DATA SHOWN START
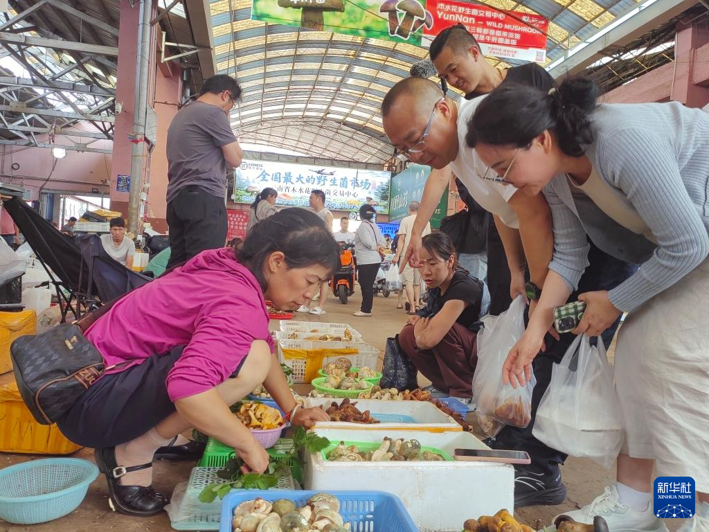 夏日凉风里,飘着菌子的鲜香。走进位于昆明的云南木水花野生菌交易中心,叫卖吆喝声不时响起。人头攒动的摊位前,松露、见手青、牛肝菌、松茸、干巴菌、鸡油菌等琳琅满目。
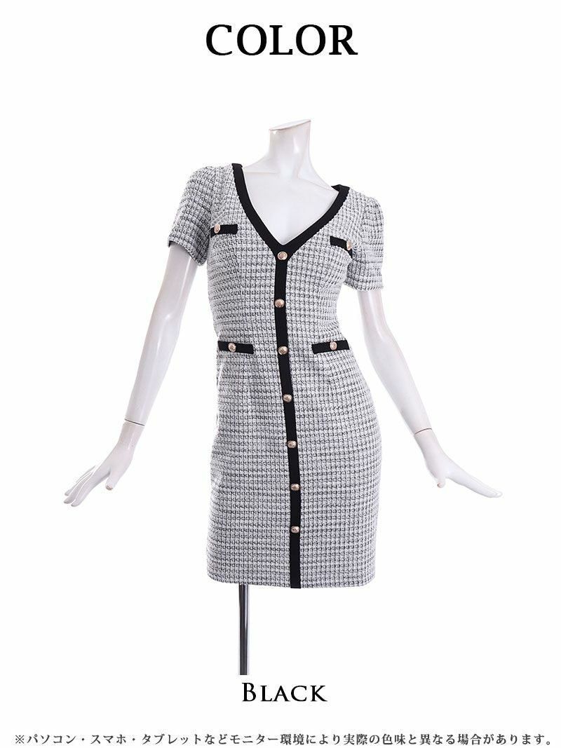 上品なツイード素材とミックス柄が洗練された印象を与えるキャバドレス。
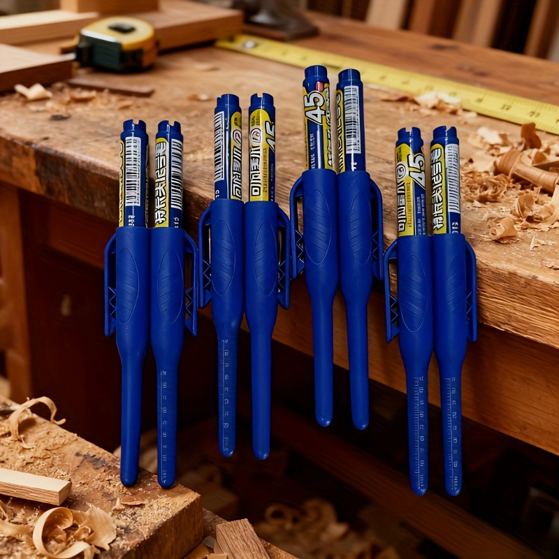TEMU 8개입 딥 홀 마커 세트 | 45mm 긴 니브 솔리드 목수 연필 (캡 & 스케일 포함), 방수 & 퇴색 방지 마킹 도구 (목공, 건설, 목공 및 프로젝트용)
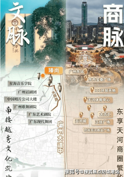 地理位置:项目地处越秀区与天河区交界处,紧邻天河商圈及珠江新城CBD,地理位置优越。周边文化氛围浓厚,是广州文化艺术的发源地之一。距离6号线沙河顶站B出口约500米,交通便捷,可快速通达全市各主要城区。
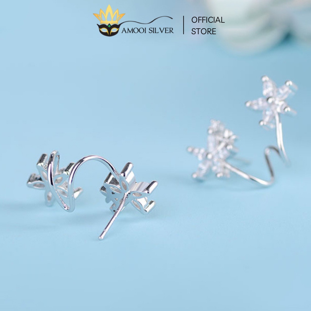 ✅ THÔNG TIN SẢN PHẨM: Bông Tai Bạc S925 Mẫu Đôi Hoa 5 Cánh Đính Đá Xinh Xắn - Amooi Silver AB104
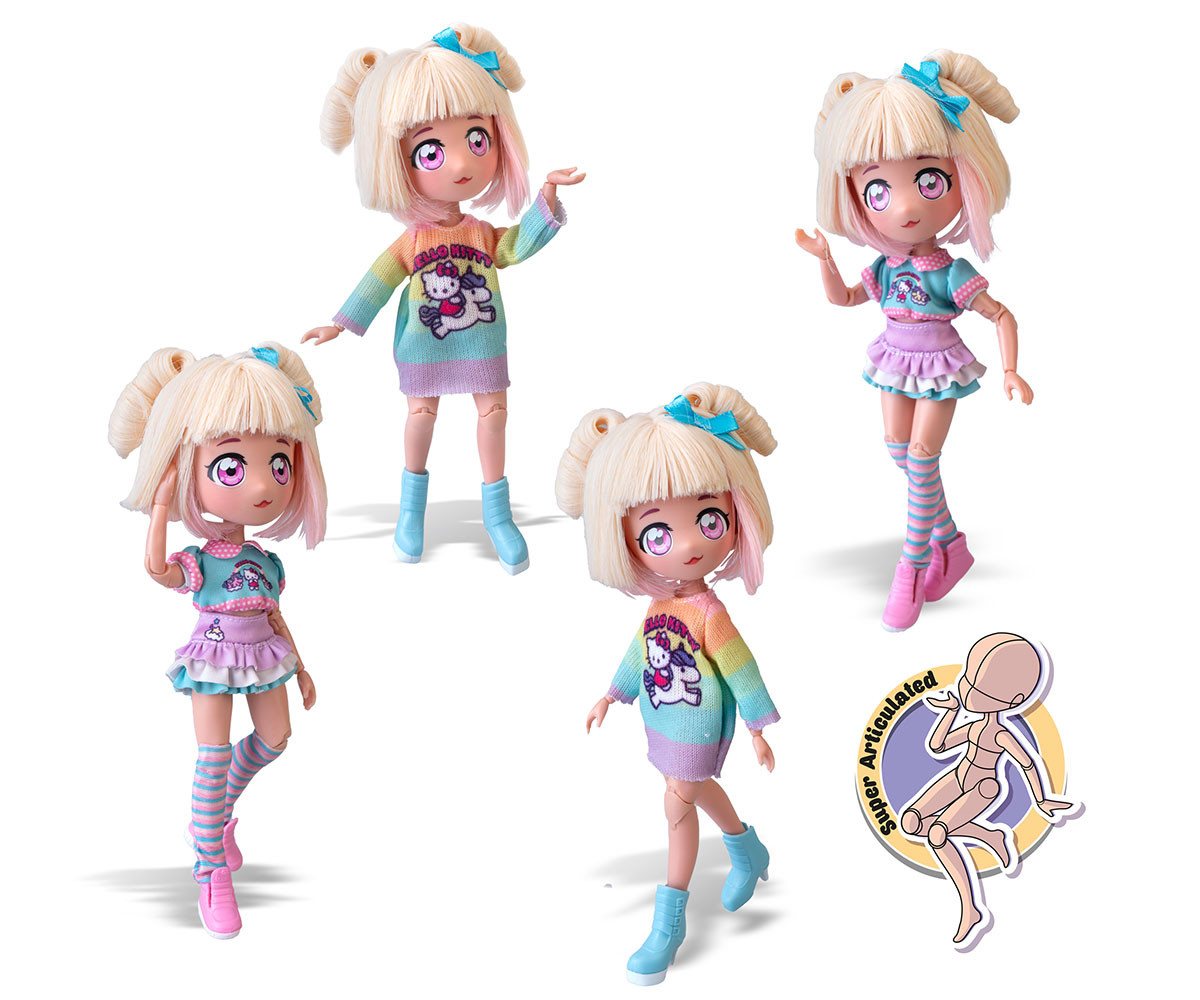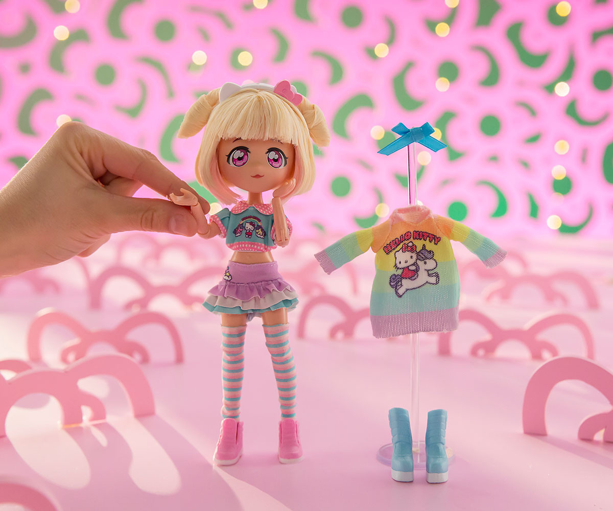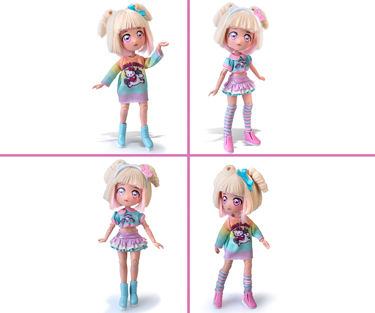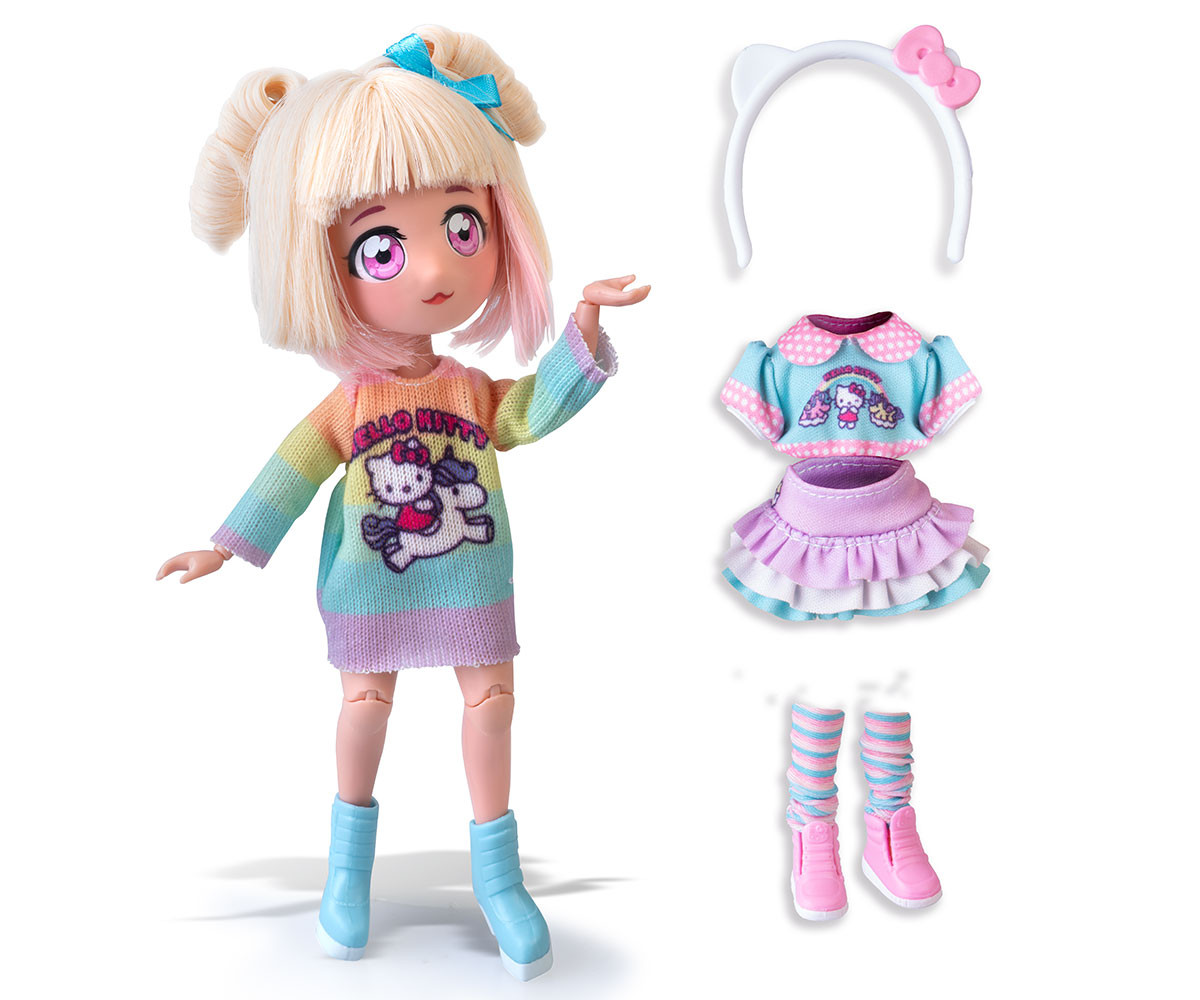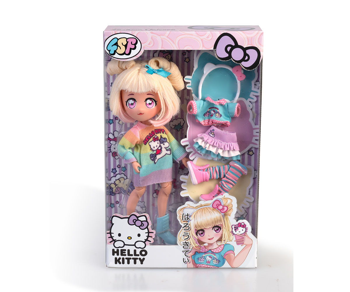 Потопи се отново в света на Hello Kitty! Открий тази нова и уникална колекция от подвижни кукли със собствен стил, вдъхновен от емблематичния герой Hello Kitty. Твоята кукла сменя стила си и става още по-модерна! Благодарение на допълнителния цялостен тоалет, можеш да създаваш уникални визии и да се забавляваш, комбинирайки ги според настроението си!
DATA SHOWN END
* **WHAT TO PRODUCE**:
Once the pictures are removed, output the entries above exactly as given.

* **TASK RESULT**:
 夏日凉风里,飘着菌子的鲜香。走进位于昆明的云南木水花野生菌交易中心,叫卖吆喝声不时响起。人头攒动的摊位前,松露、见手青、牛肝菌、松茸、干巴菌、鸡油菌等琳琅满目。
 上品なツイード素材とミックス柄が洗練された印象を与えるキャバドレス。
TEMU 8개입 딥 홀 마커 세트 | 45mm 긴 니브 솔리드 목수 연필 (캡 & 스케일 포함), 방수 & 퇴색 방지 마킹 도구 (목공, 건설, 목공 및 프로젝트용)
 地理位置:项目地处越秀区与天河区交界处,紧邻天河商圈及珠江新城CBD,地理位置优越。周边文化氛围浓厚,是广州文化艺术的发源地之一。距离6号线沙河顶站B出口约500米,交通便捷,可快速通达全市各主要城区。
 ✅ THÔNG TIN SẢN PHẨM: Bông Tai Bạc S925 Mẫu Đôi Hoa 5 Cánh Đính Đá Xinh Xắn - Amooi Silver AB104
 Потопи се отново в света на Hello Kitty! Открий тази нова и уникална колекция от подвижни кукли със собствен стил, вдъхновен от емблематичния герой Hello Kitty. Твоята кукла сменя стила си и става още по-модерна! Благодарение на допълнителния цялостен тоалет, можеш да създаваш уникални визии и да се забавляваш, комбинирайки ги според настроението си!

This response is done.